[Opening Extracted data section]
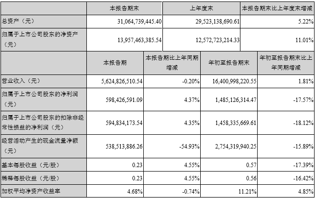 经营性现金流量净额同比减少15.89%
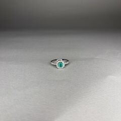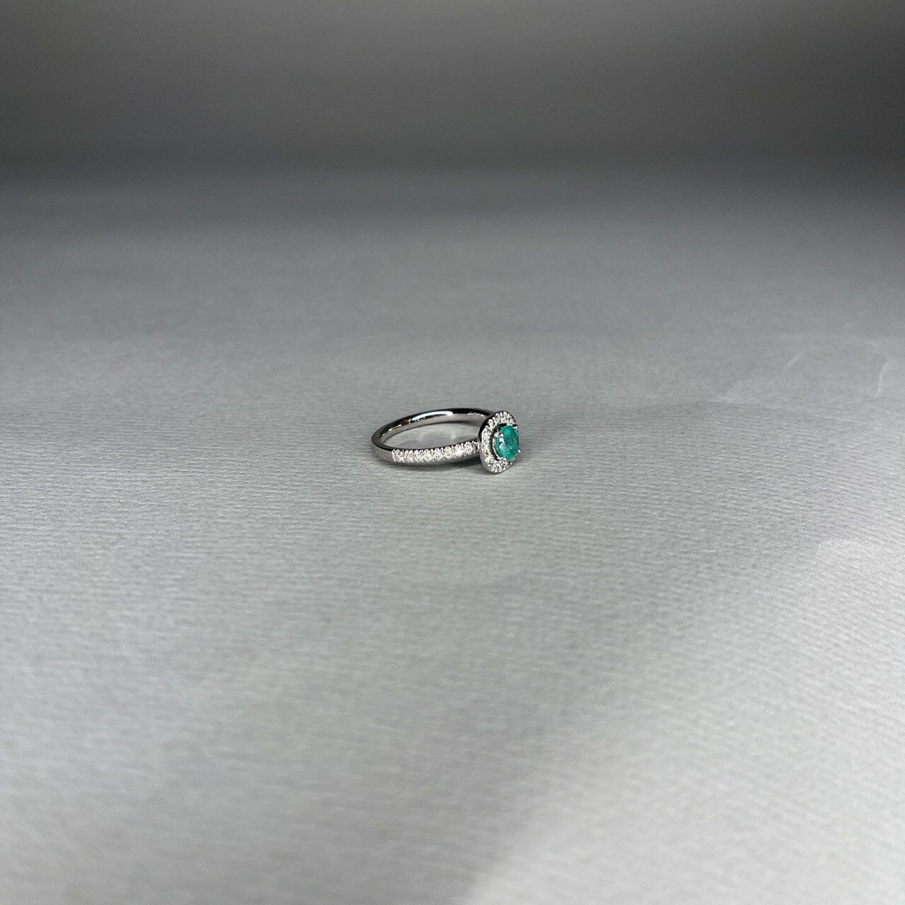 Золотое кольцо 585 пробы, камни - изумруд зеленый 3/г3 - 1шт. вес 0.41 карата, бриллиант белый огранка круглая 57 граней 4/5 - 28шт. вес 0.23 карата
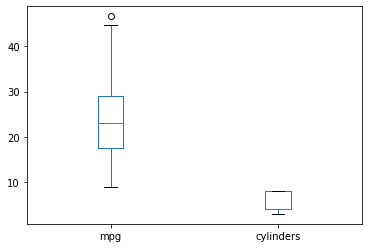 df[['mpg', 'cylinders']].plot(kind='box')
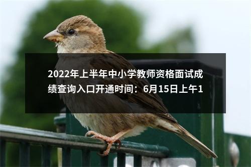 【2022年上半年中小学教师资格面试成绩查询入口开通时间:6月15日上午10时】相关岗位:
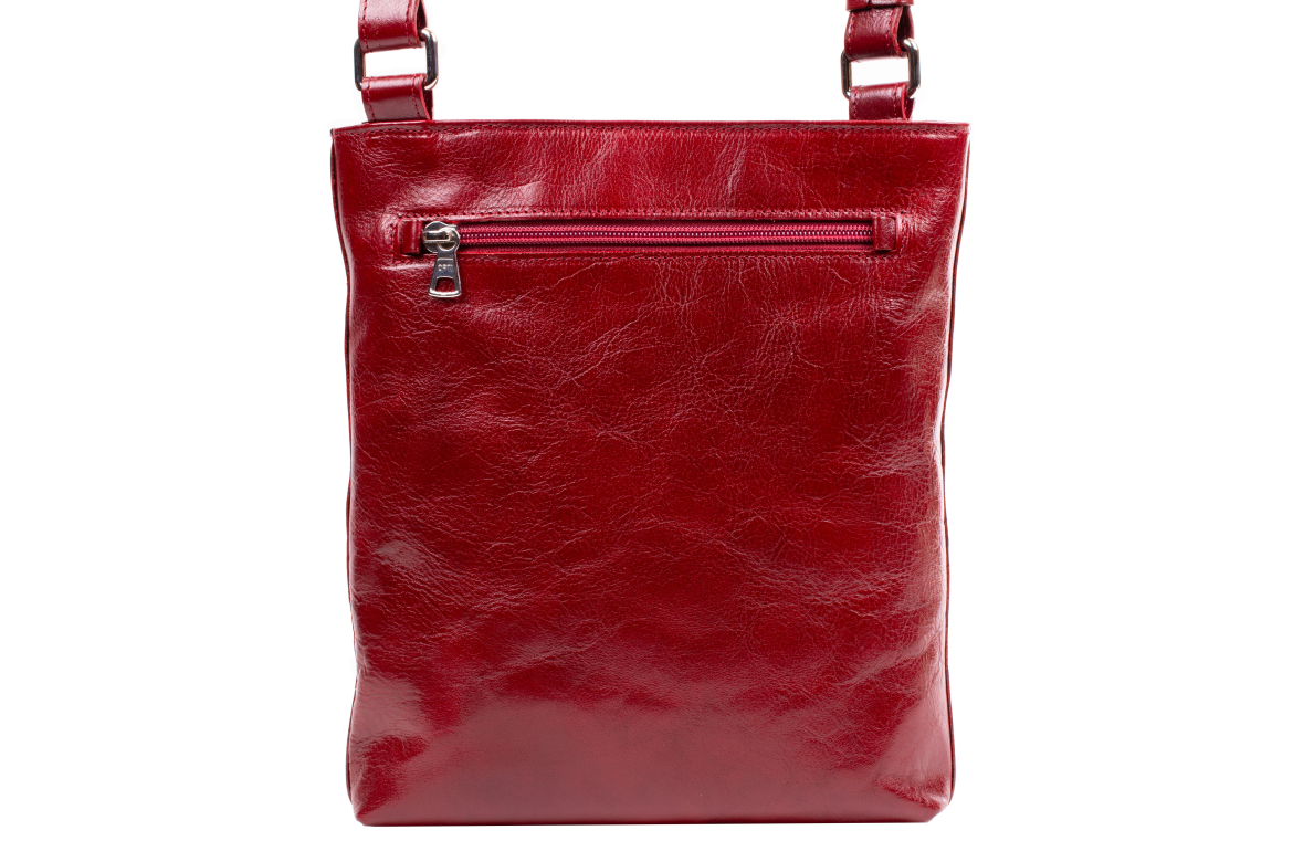 Dámská malá kabela: CLASSIC - Fuego (tříslo - tmavě červená), zhotovená z hovězí usně (pravá kůže), uzavíratelná zipem. Kabelka je opatřena jedním plochým nastavitelným řemenem na rameno, který lze nosit i crossbody.
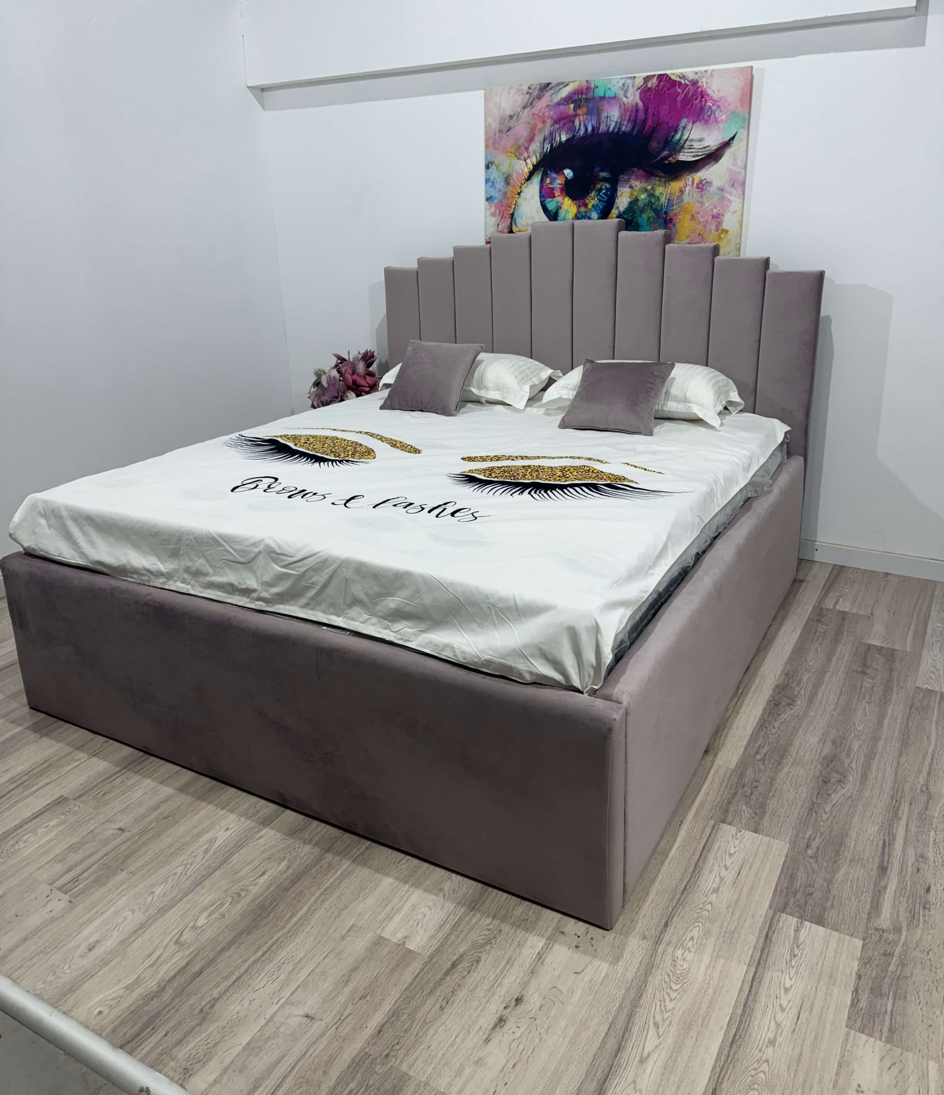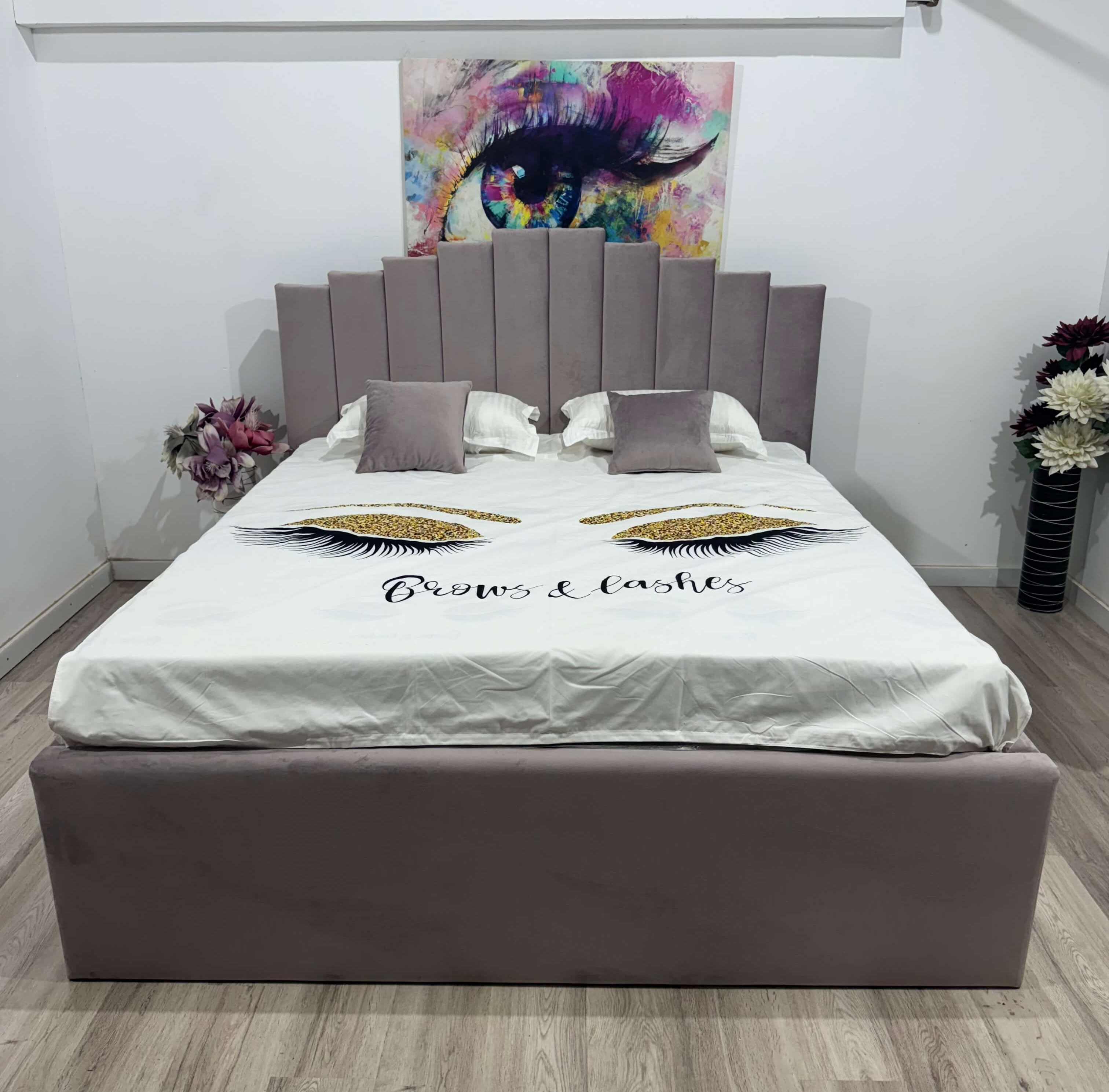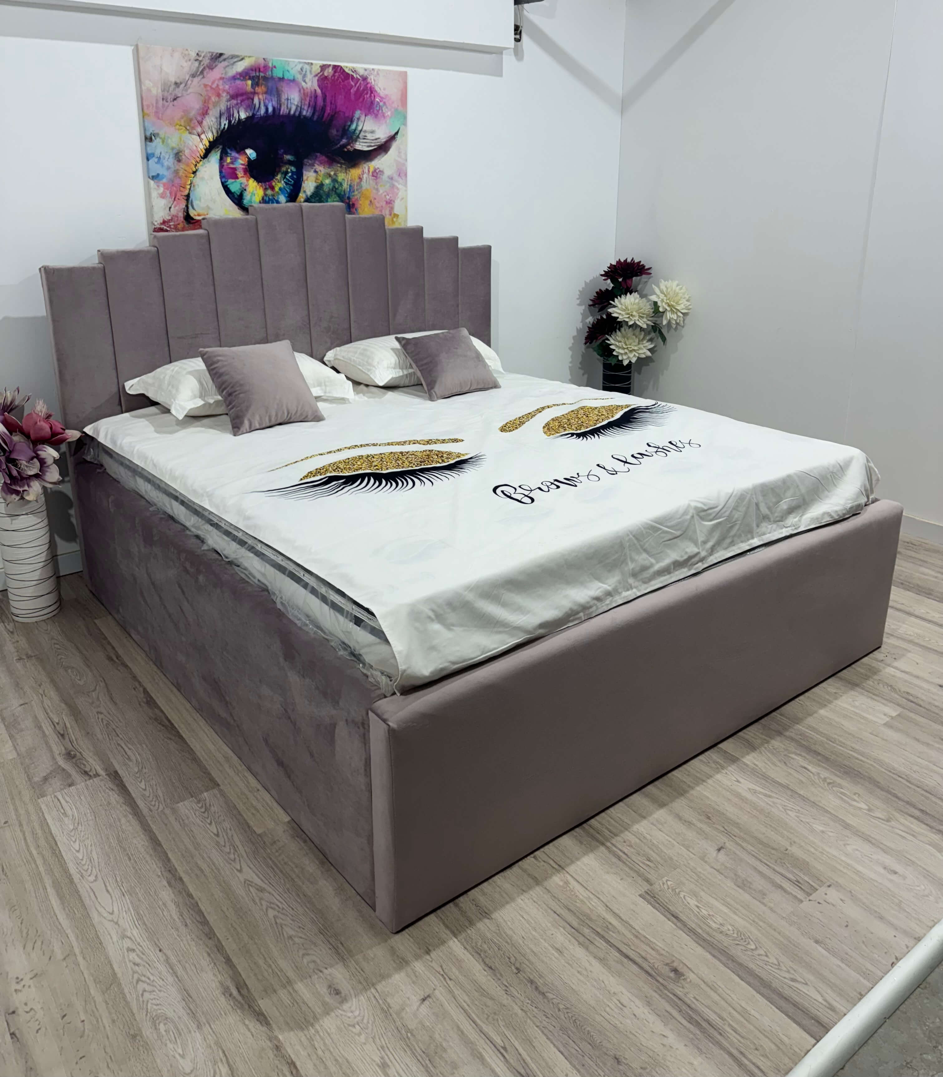 Pat tapițat premium cu design modern, tăblie înaltă de 130 cm, tapițerie din stofă catifelată calitate superioară, dimensiune totală de 220 x 175 cm, structură din lemn și PAL nemelaminat, somieră rabatabilă, ladă depozitare generoasă.
[Closing Extracted data section]
> _What you should do_
Repeat only the lines from the line with "Золотое кольцо 585" to the end of the entries, including both the first and the last line, and drop every picture.

> _Exercise solution_
 Золотое кольцо 585 пробы, камни - изумруд зеленый 3/г3 - 1шт. вес 0.41 карата, бриллиант белый огранка круглая 57 граней 4/5 - 28шт. вес 0.23 карата
 df[['mpg', 'cylinders']].plot(kind='box')
 【2022年上半年中小学教师资格面试成绩查询入口开通时间:6月15日上午10时】相关岗位:
 Dámská malá kabela: CLASSIC - Fuego (tříslo - tmavě červená), zhotovená z hovězí usně (pravá kůže), uzavíratelná zipem. Kabelka je opatřena jedním plochým nastavitelným řemenem na rameno, který lze nosit i crossbody.
 Pat tapițat premium cu design modern, tăblie înaltă de 130 cm, tapițerie din stofă catifelată calitate superioară, dimensiune totală de 220 x 175 cm, structură din lemn și PAL nemelaminat, somieră rabatabilă, ladă depozitare generoasă.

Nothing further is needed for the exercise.